The Respondent's Case
- The Respondent's appeal was permitted to proceed against the ET's finding on the Claimant's section 15 EqA claim insofar as that related to the dismissal.
- Taking, first, the ET's finding on causation, the Respondent urges the ET majority correctly found that the disciplinary panel reached a proper conclusion on the medical evidence when it considered the unfair dismissal claim, i.e. that it had not acted unreasonably in concluding that there was nothing to make a link between the Claimant's misconduct and the disability. The ET had failed to apply the correct legal test to those findings for the purposes of section 15 EqA; a causal test, see Basildon & Thurrock NHS Foundation Trust v Weerasinghe [2016] ICR 305 EAT (specifically, paragraph 31). The need to focus on the decision-taker's thought process was made clear by the statute, as emphasised in IPC Media Ltd v Millar [2013] IRLR 707, EAT (see paragraph 17). The ET had missed out the third stage of the Weerasinghe approach, the "reason why" question: why did this particular Respondent dismiss the Claimant? Had it asked that question, on its own findings, there was no evidence linking the misconduct to the disability; the ET would have been bound to find the dismissal had not been because of something arising from the Claimant's disability. The ET erroneously posited a single question, namely whether the Claimant's error of judgement arose in consequence of his disability (see ET paragraph 97), thereby falling into the error identified at paragraph 34 of Weerasinghe, failing to ask why the Respondent chose to dismiss (see also Private Medicine Intermediaries Ltd v Hodkinson. The answer was provided by the findings of fact on the unfair dismissal complaint (see ET paragraphs 55 to 59, 148 and 149): the Claimant was dismissed because the Respondent was satisfied his judgement was not impaired.

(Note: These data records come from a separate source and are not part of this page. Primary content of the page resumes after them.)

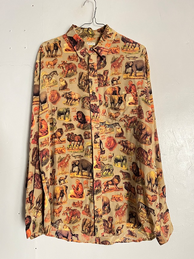 [Note] 生地がシルク100%でできているため、着心地が良く、光沢感があり、高級感のあるシャツとなっています。デザインとしては野生の動物が描かれていて、このシャツ一枚で存在感を出してくれるので、個性的なファッションスタイルが好きな方にはおすすめのアイテムとなっております。 H-4099 [Condition] B A : 未使用品、デッドストック品、又は使用感やダメージがほとんどないUsed品 B : 若干の使用感があるUsed品 C : 汚れやダメージが目立つUsed品 [Size] サイズ表記 L 着丈 78cm 肩幅 52cm 身幅 60cm 袖丈 65cm [Color] ベージュ [Country] Made In China [Material] シルク 100% [Model] 175cm [Attention] ※掲載されている商品は全て1点もののUSED・VINTAGE商品です。購入後の返品、交換は受け付けておりません。 ※中古の特性上、写真と表記以外の傷や汚れがある場合がございます。 ※撮影時の光の環境や、ご使用のモニターによって実際の色と多少異なる場合がございます。 ※平置き採寸のため若干の誤差はご了承ください。 ※店頭でも同日同時間に販売開始いたしますので万が一時間差で売り切れてしまった場合はキャンセルとなりますので予めご了承ください。 ※銀行振込、コンビニ・pay-easy払いのお客様に関しては、在庫確保の旨を別途メールにてご連絡いたしますので、在庫確保のご連絡後のご入金、お支払いをお願いいたします。万が一、支払いを済ませてしまい在庫が確保出来なかった場合は、返金処理をさせていただきます。予めご了承ください。 その他商品に関するお問い合わせはメール、又はDMにてご連絡ください。
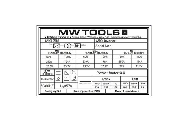 MIG industriële synergie lasinverter LCD 250A + accessoires MW Tools
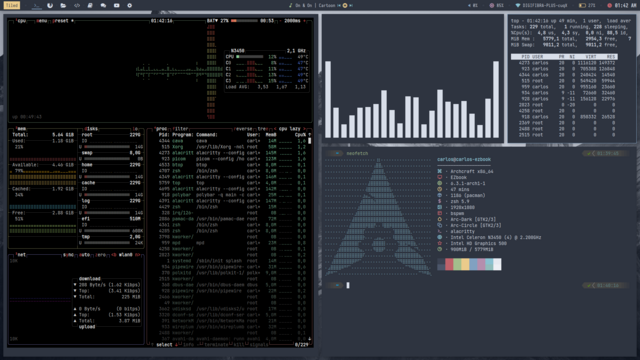 Actualizacion de #Archcraft. Despues de un buen tiempo puedo darle uso con tranquilidad a esta vieja intel... Firefox con 3 pestañas abiertas, element, telegram tambien abiertos... memoria controlada, procesador tambien.
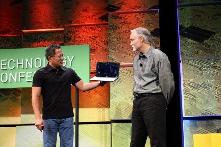 Естественно, далее было упомянуто мобильное решение Nvidia под названием ION. С поддержкой аппаратного ускорения для декодирования Flash-видео, которое появится в скором будущем в плеере Adobe, ролик проигрывался плавно. Прямо на нетбуке в руках Дженсена по Wi-Fi сети.

It did not accept his remorse as genuine or that he appreciated the seriousness of his error; on the material available, there was no medical evidence linking the Claimant's disability with stress and, in turn, the misconduct of showing the film (see ET paragraph 147).

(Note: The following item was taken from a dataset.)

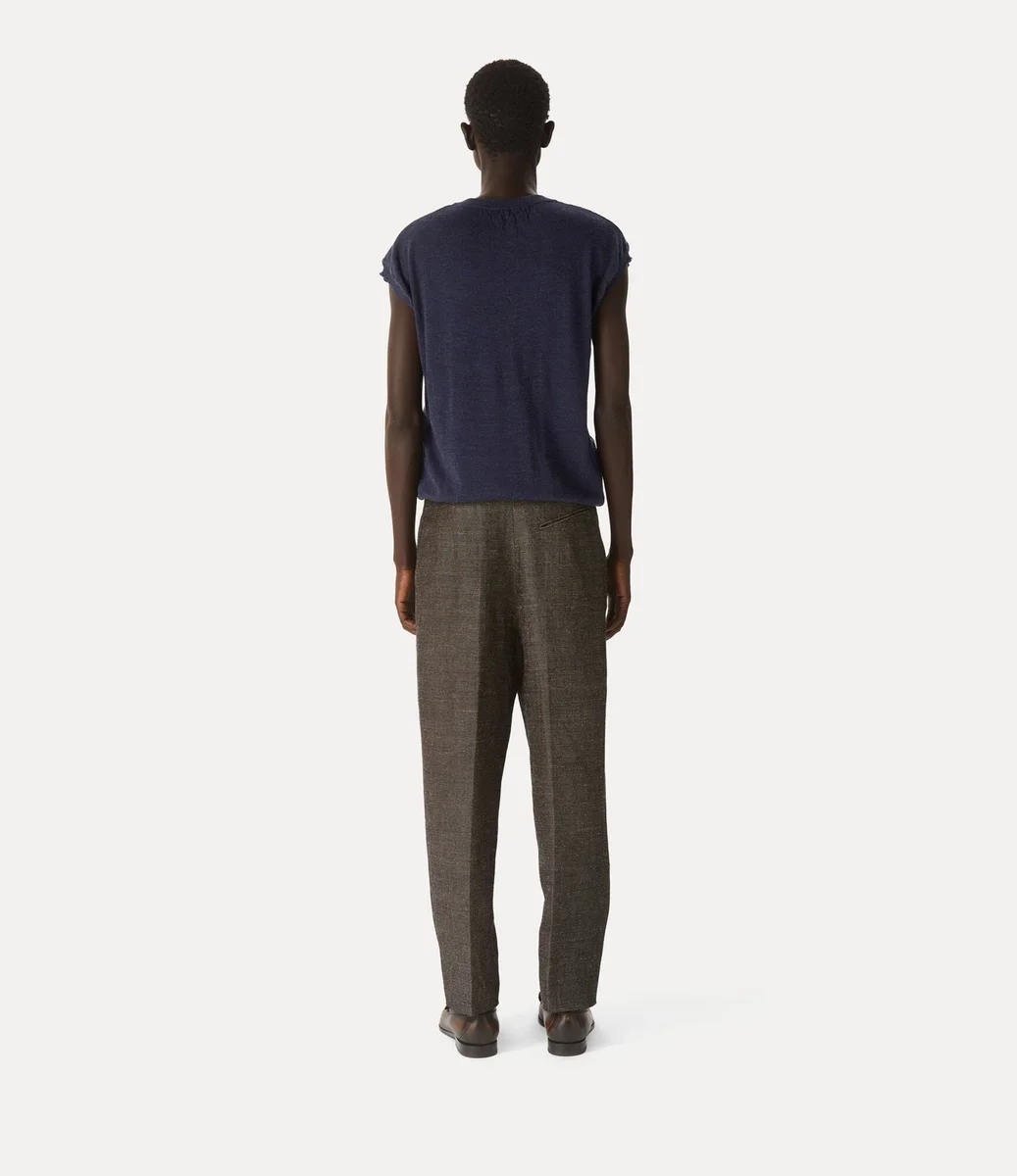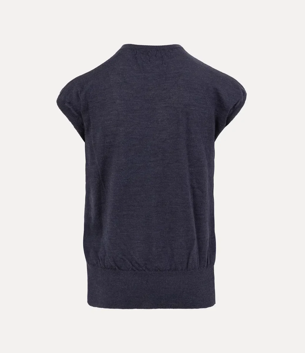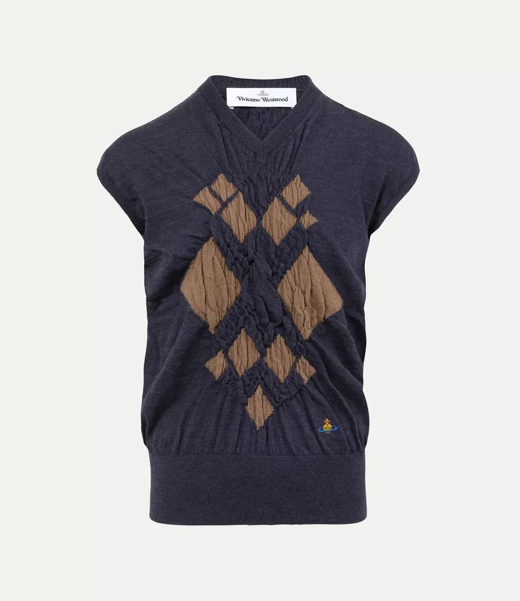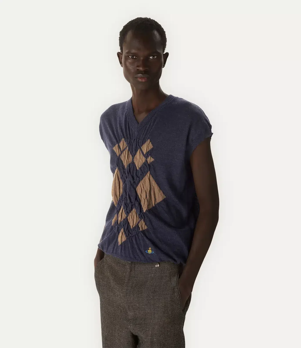 Nuestro chaleco Greg está confeccionado en jacquard de mezcla de lana con motivos de rombos en contraste, que se vieron por primera vez en el desfile Primavera-Verano 2024 de Andreas Kronthaler para Vivienne Westwood. La prenda presenta una estructura arrugada natural en el tejido, con un dobladillo acanalado y un delicado detalle bordado en forma de esfera.

- In the alternative, the ET erred in its approach to justification. Accepting the test is not that of a band of reasonable responses, the focus was still on the working practices and business considerations of the Respondent, which must allow for a number of permissible responses (see Hardy & Hansons plc v Lax [2005] ICR 1565 CA (specifically at page 1578, paragraph 38) and Hensman v Ministry of Defence . More specifically, the ET's erroneous approach to justification was betrayed by its focus on the medical evidence before it, but not before the Respondent at the relevant time. The ET had allowed that dismissal might be a proportionate response to the Claimant's misconduct but rejected the Respondent's justification on the basis that: (1) the medical evidence before it (the ET not the Respondent) suggested that the Claimant had not, as the Respondent found, made a repeated series of decisions over four days but had been subject to stress throughout, which clouded his judgement (see ET paragraph 99); and (2) the ET, unlike the Respondent, accepted the Claimant's remorse as genuine. On the facts of this case, the ET had not carried out a rigorous appraisal of the Respondent's reasons for its actions in dismissing the Claimant before then turning an objective eye to the reasonableness of the same. It had, rather, approached the case as if it were a blank canvas and then decided whether it would have dismissed the Claimant on the facts as it found them. An erroneous approach to justification was made manifest by the focus on the fresh medical evidence before the ET, which, it was to be noted, the ET had not criticised the Respondent for not itself obtaining (see paragraph 150) as well as the ET's own view as to whether the Claimant's professed remorse was genuine.
The Claimant's Case
- The Claimant urged that the Respondent's reading of section 15 EqA was erroneous. Section 15(2) provides that subsection (1) would not apply if:
"… A shows that A did not know, and could not reasonably have been expected to know, that B had the disability."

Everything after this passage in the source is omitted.